Work to be completed: Extract precisely the lines that run from the line containing "Patient information and" to the end of the records below, with both ends included and pictures omitted.

Records to process:
____________

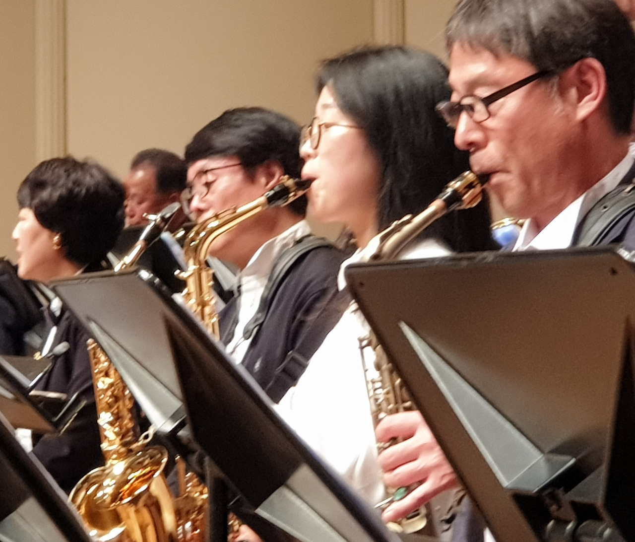 각 파트에 지정된 멤버들. 남편은 테너 색소폰이고 나는 알토 색소폰이기에 함께 오지만 일단 연습이 시작되면 우리는 아주 멀리 떨어져 있어 함께 있는 줄도 모를 정도다. 그는 트롬본 파트를 맡아 거의 맨 뒤에 있고 알토 파트를 맡은 나는 맨 앞자리에 있기 때문이다. 그래서 연주장 또는 연습장에 오면 나의 파트너는 잠시 바뀐다. 함께 알토 파트를 연주하는 나의 새 파트너는 나를 참 잘 챙겨준다. 예를 들어 물이라든가, 악보대를 접는 것이라든가, 빨간 펜을 빌려준다든가, 연필을 가져다준다든가, 악보를 정리해준다든가 푸하하하 남편이 해주는 온갖 도움을 연습장에서는 새 파트너가 해준다. 그래서 색소폰에 가는 그 잠깐 나는 체인징 파트너가 되는 것이다. 음하하하 이 또한 매력적 아니겠는가.
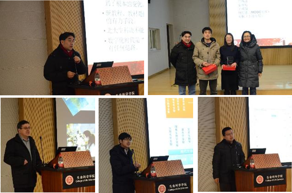 教学研讨会由本科生教学副院长李沉简教授主持。李沉简副院长首先就2015年的教学工作做了简明翔实的报告。PA视讯游戏平台官网在招生工作上力保自主招生的强度和质量,并且针对自主招生录取的学生增设了入学前培训;在教学改革上实现了五大主课双学期开课、中英文开课; 100%实现了本科生一对一导师制;继续完善track制度;MOOC课程继续得到发展和创新,SPOC课程也即将开始;本博直通车项目招生数量由2014年的1名上升为2015年的3名,等等。报告的最后明确提出了下一步本科生教学工作的重点是实验课教学的改革和教材建设。随后,吴虹院长为郑昌学奖教金获得者魏文胜教授和李晴研究员颁发奖杯。在教学改革工作交流环节,John Olson博士为大家介绍了科研导向实验课改革的试验工作,展示了在本科早期开展科研导向的实验课程对增加学生的科研兴趣是有积极影响的。实验教学中心副主任贺新强副教授为大家汇报了实验教学中心近年来的工作,明确了下一步工作目标是推进现代生命科学实验课程改革、进一步做好实验课MOOC建设和选修实验课建设。科学出版社应邀做了新技术教材建设的报告,展示了爱医课等课程APP对于传统阅读学习方式的颠覆。高歌研究员做了MOOC课程进展的报告,2015年的学院MOOC建设进行了改革,将上课时间转变为讨论交流时间,而课下变为自己跟视频学习的时间。
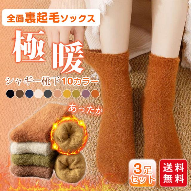新作 裏起毛 ソックス 3足セット シャギー 靴下 あったか もこもこ 冷え取り 可愛い 防寒対策 部屋着 ぽかぽか 10カラー 秋冬 厚手 トレンド レディース 男女兼用 無地 ルームソックス 柔らかいagesugi_sfa
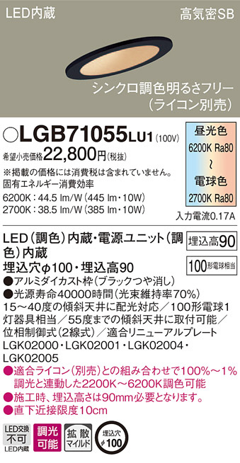 Panasonic ¥À¥¦¥ó¥é¥¤¥È LGB71055LU1
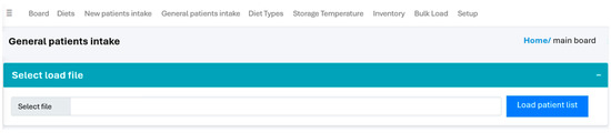 Patient information and diets can be entered into the web application. An Excel spreadsheet was printed and handed to the catering staff beforehand, with manual records kept. Figure 6 displays the section for general patient entry, where the patient list is uploaded in an Excel spreadsheet along with their respective dietary information, which is then stored in the database for future reference.
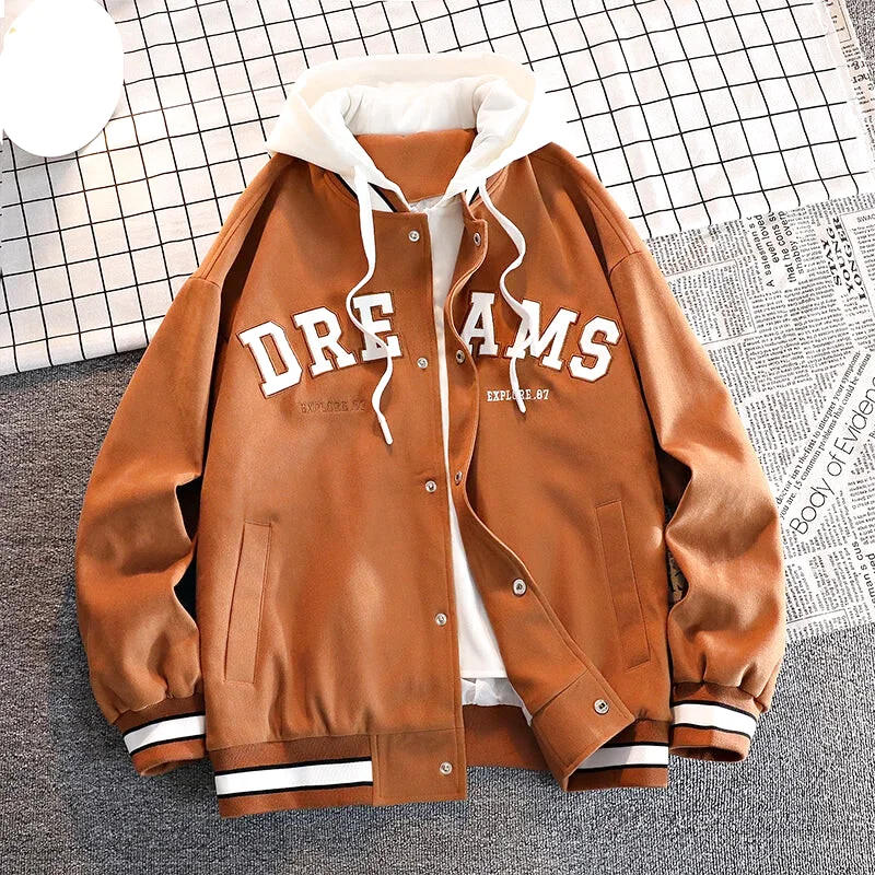Quand le classique rencontre la modernité, cela donne naissance à la Veste Teddy Capuche. Ce blouson varsity iconique s’offre une touche d’originalité avec son inscription « dreams » qui capte le regard. Idéale pour les esprits créatifs qui rêvent grand, elle incarne l’essence d’un style affirmé et confortable.
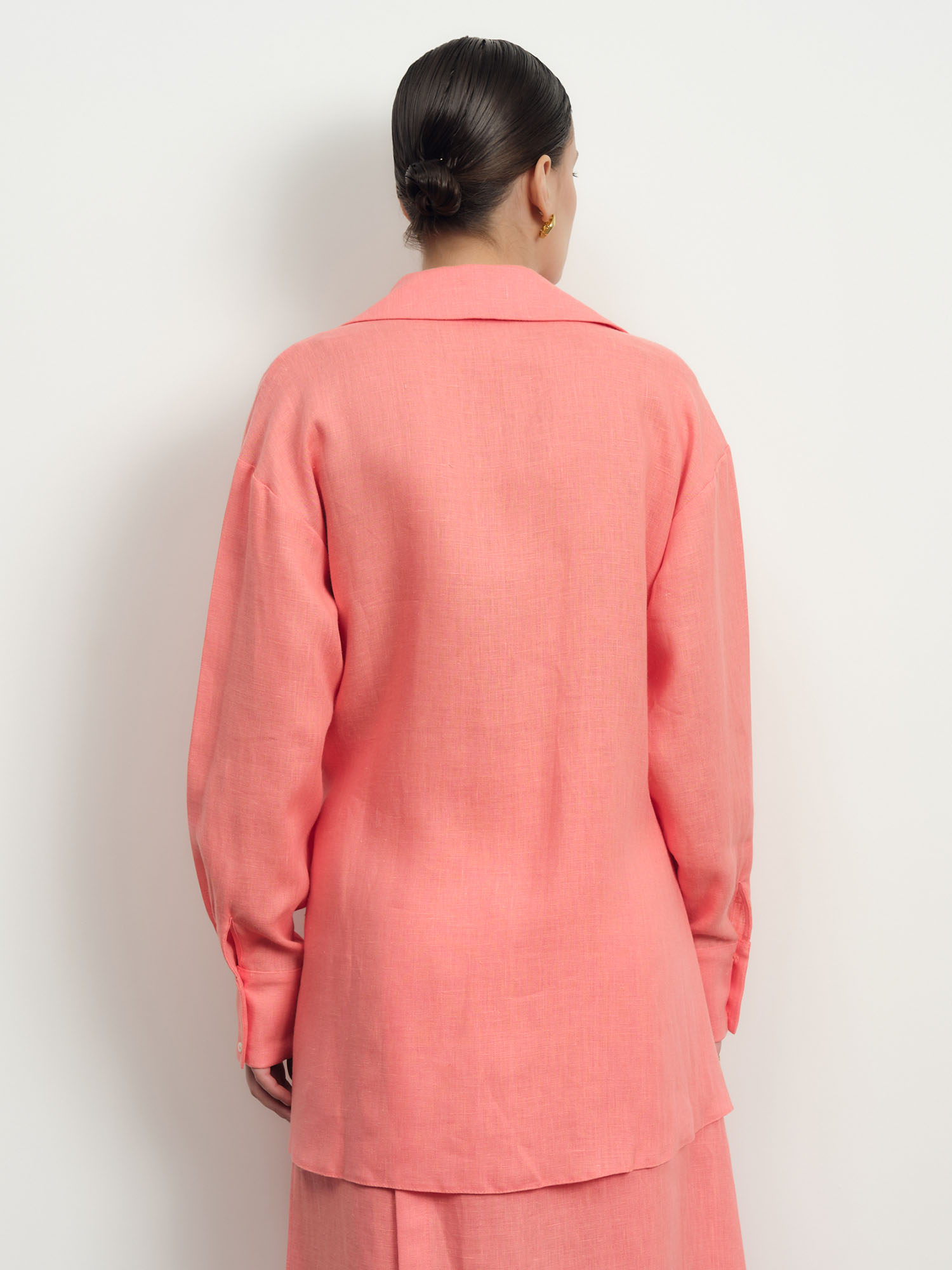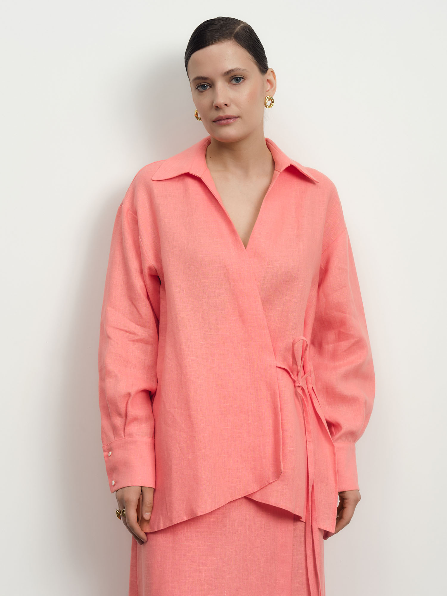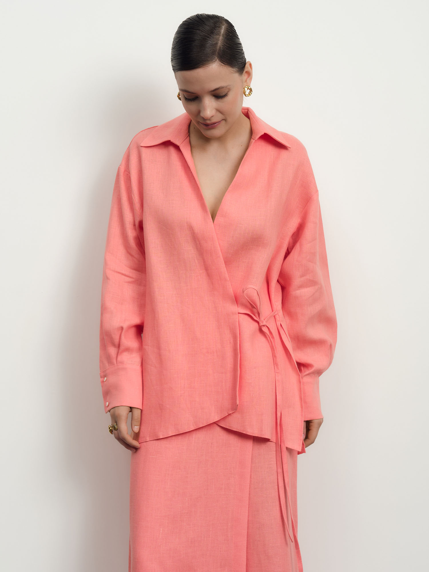 Льняная рубашка — стильная и выразительная модель с современным асимметричным кроем. Идеально подходит для теплого сезона и создания ярких, актуальных образов.
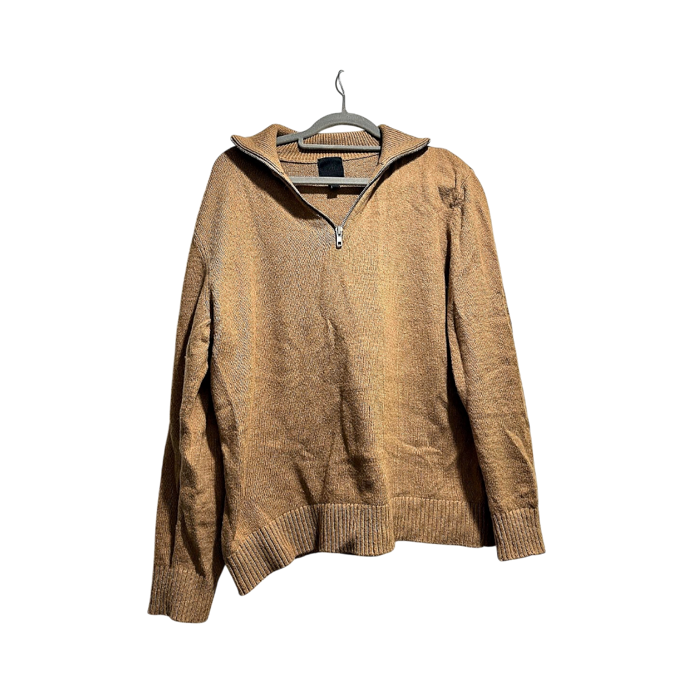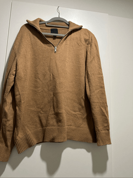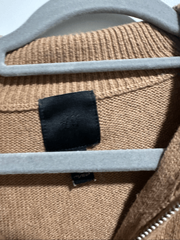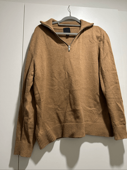 Beige sweater, zipper at front. Long-sleeved and wide neckline.

____________

Response to this exercise:
 Patient information and diets can be entered into the web application. An Excel spreadsheet was printed and handed to the catering staff beforehand, with manual records kept. Figure 6 displays the section for general patient entry, where the patient list is uploaded in an Excel spreadsheet along with their respective dietary information, which is then stored in the database for future reference.
Quand le classique rencontre la modernité, cela donne naissance à la Veste Teddy Capuche. Ce blouson varsity iconique s’offre une touche d’originalité avec son inscription « dreams » qui capte le regard. Idéale pour les esprits créatifs qui rêvent grand, elle incarne l’essence d’un style affirmé et confortable.
 Льняная рубашка — стильная и выразительная модель с современным асимметричным кроем. Идеально подходит для теплого сезона и создания ярких, актуальных образов.
 Beige sweater, zipper at front. Long-sleeved and wide neckline.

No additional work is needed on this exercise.